• _WHAT YOU NEED TO DO_
Reproduce exactly the first line of the material below and every line after it, ending with the line that contains "Una elegante invitación". No pictures should be copied.

• _STORED DATA_
━━━━━━━━━━━━━━━━━━━━
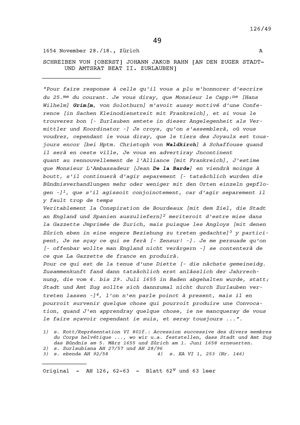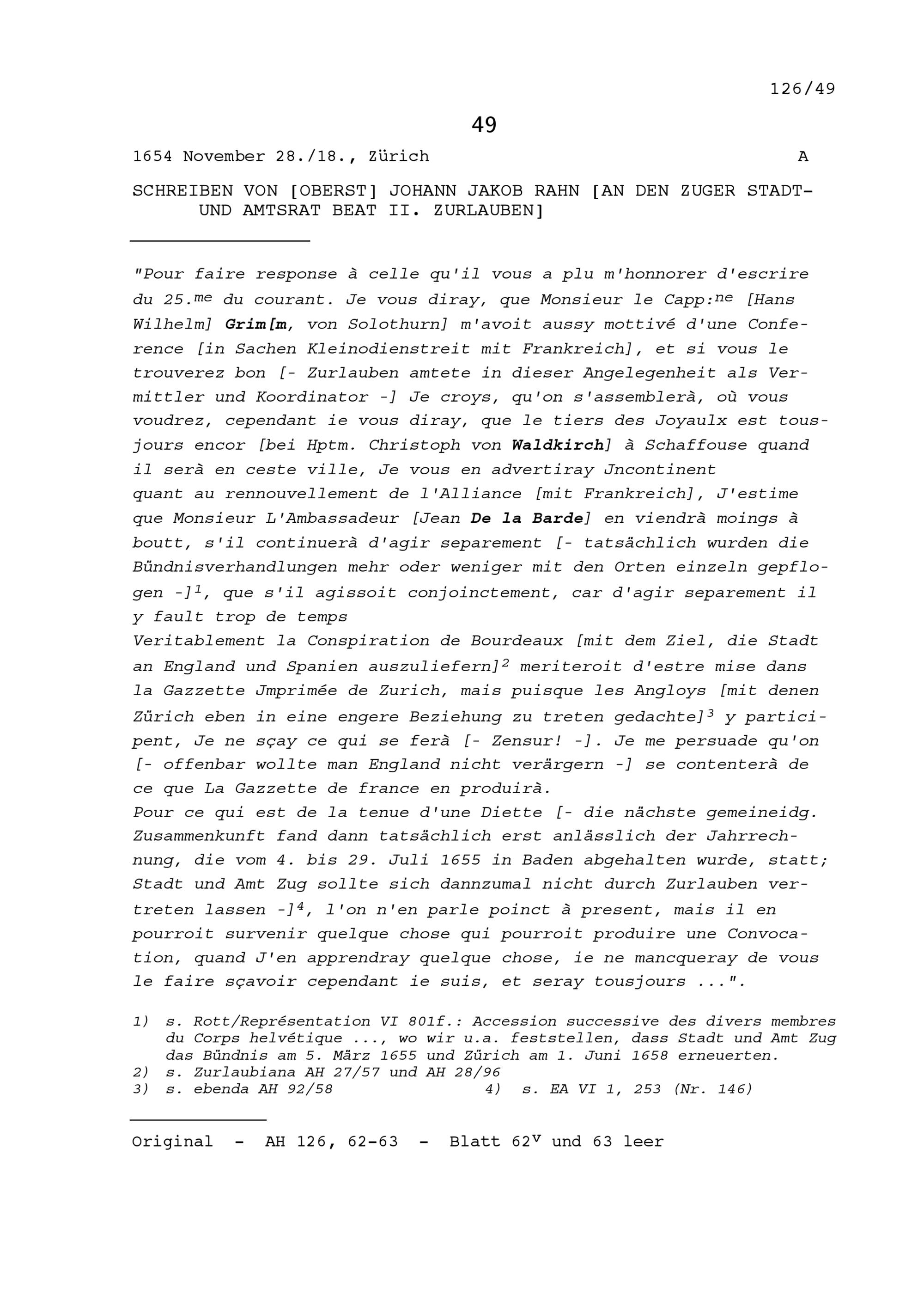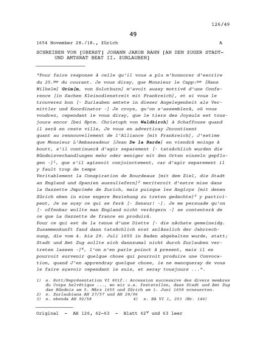 Schreiben von Johann Jakob Rahn, Oberst, an Beat II. Zurlauben, Stadt- und Amtrat...
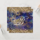 Una elegante invitación de 50 años monogramada. Purpurina de oro fino y brillante con chispas contra una imagen gráfica única de color azul índigo, morado, turquesa y Relieve metalizado dorado. Se puede personalizar el lujoso monograma de caligrafía en blanco y negro del centro. Todos los brillantes purpurinas dorados, Relieve metalizado y efectos de mármol en este moderno diseño de niñita se crean con gráficos digitales. Un diseño creativo para tu celebración de invierno, feriado o cumpleaños en diciembre. Trasladar el monograma delante a un regalo a su par.
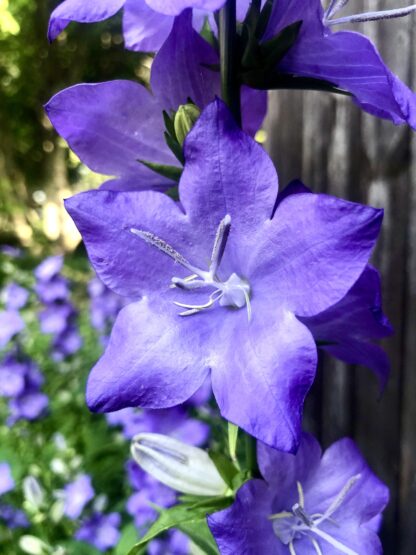A spreading form of bellflower, native to southwest China with upright, open purple flowers in late spring and sporadic flowers later in the season. Forms a tidy low rosette of evergreen of foliage. A very useful groundcover best planted where it can be left to spread. Performs quite well in part shade.
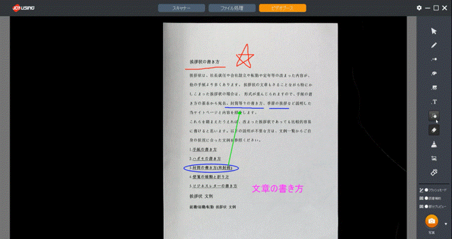 スキャンした画像に手書き風の書き込みや、ワープロ文字を打ち込める機能です。スキャンした文章にマークをした時やメモ書きしたい時に使うと大変便利。
━━━━━━━━━━━━━━━━━━━━
• _ANSWER TO THIS EXERCISE_
 Schreiben von Johann Jakob Rahn, Oberst, an Beat II. Zurlauben, Stadt- und Amtrat...
 Una elegante invitación de 50 años monogramada. Purpurina de oro fino y brillante con chispas contra una imagen gráfica única de color azul índigo, morado, turquesa y Relieve metalizado dorado. Se puede personalizar el lujoso monograma de caligrafía en blanco y negro del centro. Todos los brillantes purpurinas dorados, Relieve metalizado y efectos de mármol en este moderno diseño de niñita se crean con gráficos digitales. Un diseño creativo para tu celebración de invierno, feriado o cumpleaños en diciembre. Trasladar el monograma delante a un regalo a su par.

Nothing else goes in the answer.